### INSTRUCTIONS FOR THE TASK
Find how many lines of the listing below include the word "como", then report the number by itself.
BEGIN DATA RECORDS
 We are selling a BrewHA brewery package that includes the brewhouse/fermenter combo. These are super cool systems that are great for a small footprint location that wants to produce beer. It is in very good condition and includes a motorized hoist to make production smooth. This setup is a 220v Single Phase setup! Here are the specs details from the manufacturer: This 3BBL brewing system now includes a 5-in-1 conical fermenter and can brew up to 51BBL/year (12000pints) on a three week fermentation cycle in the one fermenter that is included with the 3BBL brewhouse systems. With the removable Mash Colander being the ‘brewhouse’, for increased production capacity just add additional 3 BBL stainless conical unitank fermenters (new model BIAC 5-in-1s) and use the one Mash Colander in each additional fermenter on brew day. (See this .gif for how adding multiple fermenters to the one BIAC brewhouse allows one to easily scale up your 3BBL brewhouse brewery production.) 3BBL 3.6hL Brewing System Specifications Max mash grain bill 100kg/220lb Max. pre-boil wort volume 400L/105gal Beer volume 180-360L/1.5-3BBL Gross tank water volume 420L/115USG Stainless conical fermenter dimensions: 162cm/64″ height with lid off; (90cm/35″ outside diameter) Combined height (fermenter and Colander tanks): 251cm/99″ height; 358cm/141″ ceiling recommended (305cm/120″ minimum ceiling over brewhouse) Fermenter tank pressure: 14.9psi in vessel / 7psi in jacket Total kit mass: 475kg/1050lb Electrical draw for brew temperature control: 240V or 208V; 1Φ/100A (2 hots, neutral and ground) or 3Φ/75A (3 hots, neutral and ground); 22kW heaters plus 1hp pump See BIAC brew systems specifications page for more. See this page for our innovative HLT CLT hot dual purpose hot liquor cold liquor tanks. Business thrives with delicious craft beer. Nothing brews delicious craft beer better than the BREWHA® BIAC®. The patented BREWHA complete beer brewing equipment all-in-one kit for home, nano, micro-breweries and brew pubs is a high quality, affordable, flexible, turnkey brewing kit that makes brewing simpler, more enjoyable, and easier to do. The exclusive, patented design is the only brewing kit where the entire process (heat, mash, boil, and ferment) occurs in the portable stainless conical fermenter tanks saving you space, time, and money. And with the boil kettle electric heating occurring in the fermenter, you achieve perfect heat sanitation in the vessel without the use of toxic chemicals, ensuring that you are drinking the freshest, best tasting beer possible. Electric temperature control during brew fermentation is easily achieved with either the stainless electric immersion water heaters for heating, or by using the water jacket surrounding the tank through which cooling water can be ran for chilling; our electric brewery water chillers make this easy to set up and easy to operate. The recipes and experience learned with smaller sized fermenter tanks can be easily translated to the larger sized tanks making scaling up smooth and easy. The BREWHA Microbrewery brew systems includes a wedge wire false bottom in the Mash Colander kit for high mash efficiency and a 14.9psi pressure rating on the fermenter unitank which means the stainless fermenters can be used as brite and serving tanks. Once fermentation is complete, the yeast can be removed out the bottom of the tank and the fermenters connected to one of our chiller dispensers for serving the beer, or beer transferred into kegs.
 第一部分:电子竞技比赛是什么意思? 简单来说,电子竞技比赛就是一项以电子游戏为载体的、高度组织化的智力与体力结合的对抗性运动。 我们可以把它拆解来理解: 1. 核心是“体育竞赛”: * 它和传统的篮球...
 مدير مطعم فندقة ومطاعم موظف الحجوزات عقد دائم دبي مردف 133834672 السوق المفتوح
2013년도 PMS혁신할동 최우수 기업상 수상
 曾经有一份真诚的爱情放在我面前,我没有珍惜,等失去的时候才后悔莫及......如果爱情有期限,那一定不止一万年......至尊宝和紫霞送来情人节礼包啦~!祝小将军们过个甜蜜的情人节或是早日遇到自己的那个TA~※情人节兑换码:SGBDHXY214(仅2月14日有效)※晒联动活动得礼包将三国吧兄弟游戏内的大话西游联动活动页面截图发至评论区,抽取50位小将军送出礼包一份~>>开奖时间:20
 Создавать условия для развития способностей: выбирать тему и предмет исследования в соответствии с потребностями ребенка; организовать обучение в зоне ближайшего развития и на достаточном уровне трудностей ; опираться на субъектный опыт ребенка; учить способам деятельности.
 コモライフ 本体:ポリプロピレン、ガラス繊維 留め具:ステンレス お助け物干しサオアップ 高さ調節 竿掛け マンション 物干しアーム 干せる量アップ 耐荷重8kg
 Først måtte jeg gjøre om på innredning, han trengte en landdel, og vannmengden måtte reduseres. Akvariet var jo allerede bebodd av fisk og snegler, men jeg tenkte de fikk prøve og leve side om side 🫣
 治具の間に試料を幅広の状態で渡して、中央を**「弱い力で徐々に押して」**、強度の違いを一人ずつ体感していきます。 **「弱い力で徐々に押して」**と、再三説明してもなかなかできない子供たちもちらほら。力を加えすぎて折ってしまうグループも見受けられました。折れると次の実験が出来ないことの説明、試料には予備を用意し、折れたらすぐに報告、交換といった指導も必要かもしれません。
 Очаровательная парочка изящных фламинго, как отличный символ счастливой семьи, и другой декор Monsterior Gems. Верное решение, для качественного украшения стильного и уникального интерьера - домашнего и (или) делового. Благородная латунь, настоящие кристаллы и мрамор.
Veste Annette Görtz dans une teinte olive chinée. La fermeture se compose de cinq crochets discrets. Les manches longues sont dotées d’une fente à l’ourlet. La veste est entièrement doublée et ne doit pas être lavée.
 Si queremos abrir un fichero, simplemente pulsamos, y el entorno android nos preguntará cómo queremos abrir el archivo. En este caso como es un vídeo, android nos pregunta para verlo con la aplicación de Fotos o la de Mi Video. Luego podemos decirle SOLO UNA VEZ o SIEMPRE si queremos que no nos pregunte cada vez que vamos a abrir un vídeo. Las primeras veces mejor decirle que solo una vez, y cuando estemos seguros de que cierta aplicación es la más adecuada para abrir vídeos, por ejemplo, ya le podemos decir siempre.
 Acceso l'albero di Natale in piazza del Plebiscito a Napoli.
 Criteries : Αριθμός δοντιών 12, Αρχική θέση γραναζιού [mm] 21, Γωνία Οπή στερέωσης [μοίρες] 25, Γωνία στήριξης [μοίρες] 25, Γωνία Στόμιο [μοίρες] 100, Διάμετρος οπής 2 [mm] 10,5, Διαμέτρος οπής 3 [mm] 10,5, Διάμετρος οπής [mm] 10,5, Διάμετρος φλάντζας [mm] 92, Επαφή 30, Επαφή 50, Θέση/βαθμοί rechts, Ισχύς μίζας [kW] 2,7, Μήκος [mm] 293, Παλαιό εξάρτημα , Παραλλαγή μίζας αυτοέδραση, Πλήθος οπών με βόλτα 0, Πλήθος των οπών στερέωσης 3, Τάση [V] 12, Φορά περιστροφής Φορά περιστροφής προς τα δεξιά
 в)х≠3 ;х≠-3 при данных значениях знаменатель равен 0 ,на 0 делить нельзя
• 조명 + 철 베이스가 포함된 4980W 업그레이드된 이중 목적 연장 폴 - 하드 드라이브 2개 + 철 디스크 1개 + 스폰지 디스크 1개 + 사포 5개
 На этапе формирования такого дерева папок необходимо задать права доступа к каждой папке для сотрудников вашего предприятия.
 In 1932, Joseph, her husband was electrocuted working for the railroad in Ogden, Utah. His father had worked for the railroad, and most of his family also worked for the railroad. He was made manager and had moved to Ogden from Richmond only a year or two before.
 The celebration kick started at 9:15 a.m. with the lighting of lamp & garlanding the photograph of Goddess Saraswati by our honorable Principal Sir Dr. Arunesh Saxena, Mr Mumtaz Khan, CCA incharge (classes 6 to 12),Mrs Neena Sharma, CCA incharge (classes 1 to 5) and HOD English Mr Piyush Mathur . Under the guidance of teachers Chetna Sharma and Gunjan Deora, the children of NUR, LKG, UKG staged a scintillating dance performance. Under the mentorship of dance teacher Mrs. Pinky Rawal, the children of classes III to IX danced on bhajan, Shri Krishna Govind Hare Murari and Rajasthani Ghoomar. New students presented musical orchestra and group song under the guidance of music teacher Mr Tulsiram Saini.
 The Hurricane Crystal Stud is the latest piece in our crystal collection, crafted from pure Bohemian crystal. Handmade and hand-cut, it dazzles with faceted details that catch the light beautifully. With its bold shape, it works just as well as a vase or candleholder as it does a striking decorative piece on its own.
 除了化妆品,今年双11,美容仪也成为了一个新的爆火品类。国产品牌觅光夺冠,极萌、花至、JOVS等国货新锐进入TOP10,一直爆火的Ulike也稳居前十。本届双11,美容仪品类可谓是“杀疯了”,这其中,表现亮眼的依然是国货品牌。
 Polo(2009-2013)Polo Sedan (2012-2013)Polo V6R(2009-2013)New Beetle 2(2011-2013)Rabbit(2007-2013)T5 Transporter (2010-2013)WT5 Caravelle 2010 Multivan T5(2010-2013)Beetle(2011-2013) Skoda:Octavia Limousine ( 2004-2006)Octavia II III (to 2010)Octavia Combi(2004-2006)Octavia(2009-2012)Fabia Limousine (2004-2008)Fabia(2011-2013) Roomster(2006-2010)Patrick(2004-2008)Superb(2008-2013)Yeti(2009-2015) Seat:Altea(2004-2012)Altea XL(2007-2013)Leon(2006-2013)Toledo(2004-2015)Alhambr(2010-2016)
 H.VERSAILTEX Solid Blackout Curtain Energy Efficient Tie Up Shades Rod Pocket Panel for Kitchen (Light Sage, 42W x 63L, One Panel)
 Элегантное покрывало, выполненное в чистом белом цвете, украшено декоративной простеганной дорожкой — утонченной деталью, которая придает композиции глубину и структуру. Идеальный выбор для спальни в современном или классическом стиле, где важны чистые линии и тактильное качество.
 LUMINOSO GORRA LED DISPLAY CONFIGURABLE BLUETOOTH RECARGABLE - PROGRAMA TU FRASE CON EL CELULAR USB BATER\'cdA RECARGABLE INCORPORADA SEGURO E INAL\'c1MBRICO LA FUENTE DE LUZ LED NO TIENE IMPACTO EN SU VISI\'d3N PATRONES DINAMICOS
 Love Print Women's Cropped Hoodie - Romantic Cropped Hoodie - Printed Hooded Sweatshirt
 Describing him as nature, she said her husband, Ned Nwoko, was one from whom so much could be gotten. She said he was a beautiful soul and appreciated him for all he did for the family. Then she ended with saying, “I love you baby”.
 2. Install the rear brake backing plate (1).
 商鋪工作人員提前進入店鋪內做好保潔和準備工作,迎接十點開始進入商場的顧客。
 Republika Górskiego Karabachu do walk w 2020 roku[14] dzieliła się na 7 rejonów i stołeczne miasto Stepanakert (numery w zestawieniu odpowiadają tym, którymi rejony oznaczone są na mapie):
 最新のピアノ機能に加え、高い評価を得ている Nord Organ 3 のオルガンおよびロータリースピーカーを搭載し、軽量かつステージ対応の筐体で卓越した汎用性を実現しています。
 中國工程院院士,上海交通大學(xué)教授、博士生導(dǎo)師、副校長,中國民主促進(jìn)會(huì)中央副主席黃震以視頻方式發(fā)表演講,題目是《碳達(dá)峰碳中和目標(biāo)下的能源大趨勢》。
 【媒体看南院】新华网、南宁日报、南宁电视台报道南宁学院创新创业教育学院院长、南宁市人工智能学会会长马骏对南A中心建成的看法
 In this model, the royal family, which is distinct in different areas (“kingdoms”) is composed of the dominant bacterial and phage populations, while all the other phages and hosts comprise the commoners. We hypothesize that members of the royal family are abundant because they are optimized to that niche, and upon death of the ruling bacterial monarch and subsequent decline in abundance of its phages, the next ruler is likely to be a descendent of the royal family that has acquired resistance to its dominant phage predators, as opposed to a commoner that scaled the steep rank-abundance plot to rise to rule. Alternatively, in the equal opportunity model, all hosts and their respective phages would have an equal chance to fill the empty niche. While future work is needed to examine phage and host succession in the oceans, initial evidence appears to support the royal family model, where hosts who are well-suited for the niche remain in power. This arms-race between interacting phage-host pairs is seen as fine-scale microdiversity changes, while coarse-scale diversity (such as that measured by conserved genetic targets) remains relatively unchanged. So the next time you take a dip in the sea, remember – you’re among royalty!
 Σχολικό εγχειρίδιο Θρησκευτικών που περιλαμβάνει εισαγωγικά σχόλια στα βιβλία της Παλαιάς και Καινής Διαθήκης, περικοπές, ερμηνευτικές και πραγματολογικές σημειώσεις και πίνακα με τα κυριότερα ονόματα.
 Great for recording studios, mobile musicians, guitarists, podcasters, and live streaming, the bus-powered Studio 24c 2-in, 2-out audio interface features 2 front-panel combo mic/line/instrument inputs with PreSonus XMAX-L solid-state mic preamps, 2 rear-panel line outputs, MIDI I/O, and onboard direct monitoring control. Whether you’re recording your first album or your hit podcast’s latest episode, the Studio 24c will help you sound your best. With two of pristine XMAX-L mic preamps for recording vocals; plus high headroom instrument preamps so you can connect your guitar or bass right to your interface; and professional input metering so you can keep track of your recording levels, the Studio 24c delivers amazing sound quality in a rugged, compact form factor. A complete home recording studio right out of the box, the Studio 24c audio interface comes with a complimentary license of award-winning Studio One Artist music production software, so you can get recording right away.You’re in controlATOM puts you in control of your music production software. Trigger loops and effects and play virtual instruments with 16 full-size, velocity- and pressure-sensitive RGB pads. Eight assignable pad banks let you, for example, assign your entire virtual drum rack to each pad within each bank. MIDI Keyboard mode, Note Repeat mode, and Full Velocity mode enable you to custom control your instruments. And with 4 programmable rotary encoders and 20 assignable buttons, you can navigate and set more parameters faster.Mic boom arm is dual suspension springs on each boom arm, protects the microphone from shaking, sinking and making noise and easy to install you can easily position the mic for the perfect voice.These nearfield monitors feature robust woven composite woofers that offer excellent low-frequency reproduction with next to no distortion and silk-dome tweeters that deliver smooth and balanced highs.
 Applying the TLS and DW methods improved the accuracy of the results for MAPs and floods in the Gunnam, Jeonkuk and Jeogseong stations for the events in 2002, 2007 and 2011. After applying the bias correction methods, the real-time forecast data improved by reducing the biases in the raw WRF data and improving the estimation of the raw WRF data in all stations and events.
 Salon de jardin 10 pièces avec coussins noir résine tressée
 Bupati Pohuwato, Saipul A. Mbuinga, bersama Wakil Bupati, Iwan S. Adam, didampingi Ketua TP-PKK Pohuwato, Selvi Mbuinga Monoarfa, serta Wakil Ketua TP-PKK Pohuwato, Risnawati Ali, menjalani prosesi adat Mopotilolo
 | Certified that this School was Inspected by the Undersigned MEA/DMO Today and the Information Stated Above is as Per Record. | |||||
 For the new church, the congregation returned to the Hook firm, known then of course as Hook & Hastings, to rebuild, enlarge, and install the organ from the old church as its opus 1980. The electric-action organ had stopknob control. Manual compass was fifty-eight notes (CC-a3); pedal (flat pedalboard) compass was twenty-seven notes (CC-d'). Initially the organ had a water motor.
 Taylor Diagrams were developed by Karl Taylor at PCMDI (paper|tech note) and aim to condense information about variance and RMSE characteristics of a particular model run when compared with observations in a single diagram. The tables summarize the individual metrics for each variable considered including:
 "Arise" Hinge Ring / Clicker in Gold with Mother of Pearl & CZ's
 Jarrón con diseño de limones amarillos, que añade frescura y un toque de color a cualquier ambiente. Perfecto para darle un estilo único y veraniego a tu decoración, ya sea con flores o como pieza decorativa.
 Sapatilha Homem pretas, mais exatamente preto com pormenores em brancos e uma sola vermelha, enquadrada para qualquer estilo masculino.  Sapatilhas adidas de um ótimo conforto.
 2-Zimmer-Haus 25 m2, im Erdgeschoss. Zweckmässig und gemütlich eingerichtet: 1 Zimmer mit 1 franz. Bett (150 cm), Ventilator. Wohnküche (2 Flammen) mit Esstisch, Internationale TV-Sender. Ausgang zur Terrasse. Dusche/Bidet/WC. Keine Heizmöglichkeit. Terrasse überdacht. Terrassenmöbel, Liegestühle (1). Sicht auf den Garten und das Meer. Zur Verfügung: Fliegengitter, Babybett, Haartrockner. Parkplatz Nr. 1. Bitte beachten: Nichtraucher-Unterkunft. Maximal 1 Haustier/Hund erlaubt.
END DATA RECORDS
### WRITTEN REPLY
2